__Exercise brief__
Skip the pictures and restate, word for word, the lines from the one containing "The scenery here" to the end of the data below.

__Information shown__
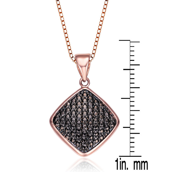 This pendant necklace is crafted from .925 sterling silver with black and rose plating. It features cubic zirconia stones and secures with a spring ring clasp.
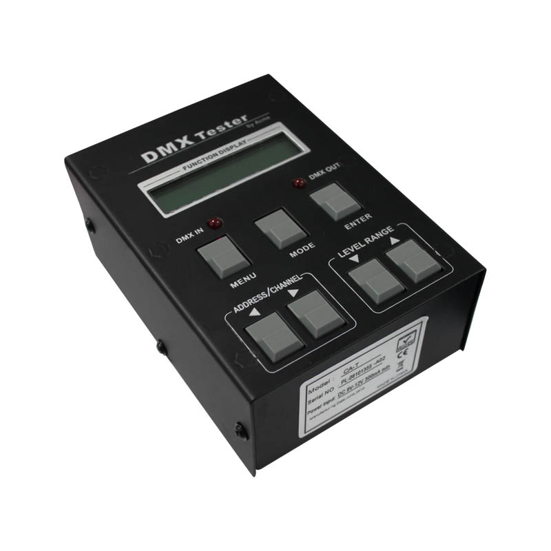 ACME CA-T/DMX TESTER устройство тестирования DMX линии, и назначения DMX адресов, позволяет быстро установить DMX адрес индивидуально, на группу, либо на все приборы одновременно (функция работает только для приборов ACME), 3 режима контроля уровня DMX сигнала: в процентах, сегментный, либо числовой, для вход/выход сигнала, тестирование на разрыв DMX сигнала, функция энергосбережения, яркость LCD дисплея регулируется от режима активности, батарейки AA (либо аккумуляторы) в комплект не входят.
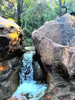 The scenery here is very beautiful, including Mandarin Duck Lake, Jianhu Pavilion, Colorful Valley, Shangxi Pavilion, Sanyou Pavilion, Sleeping Dragon Pine, Dice Stone, Knife Testing Stone, Guanpu Pavilion, and Six-branch God Pine. There is also a performance in the morning and afternoon.
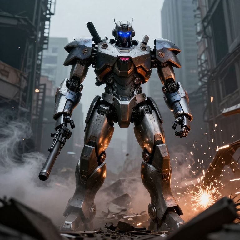 Ptw as a high-tech robot warrior standing in a ruined urban battlefield, sparks flying, smoke and debris all around, dramatic lighting highlighting advanced armor and weaponry, dark and intense mood with vivid metallic textures

__Result__
 The scenery here is very beautiful, including Mandarin Duck Lake, Jianhu Pavilion, Colorful Valley, Shangxi Pavilion, Sanyou Pavilion, Sleeping Dragon Pine, Dice Stone, Knife Testing Stone, Guanpu Pavilion, and Six-branch God Pine. There is also a performance in the morning and afternoon.
 Ptw as a high-tech robot warrior standing in a ruined urban battlefield, sparks flying, smoke and debris all around, dramatic lighting highlighting advanced armor and weaponry, dark and intense mood with vivid metallic textures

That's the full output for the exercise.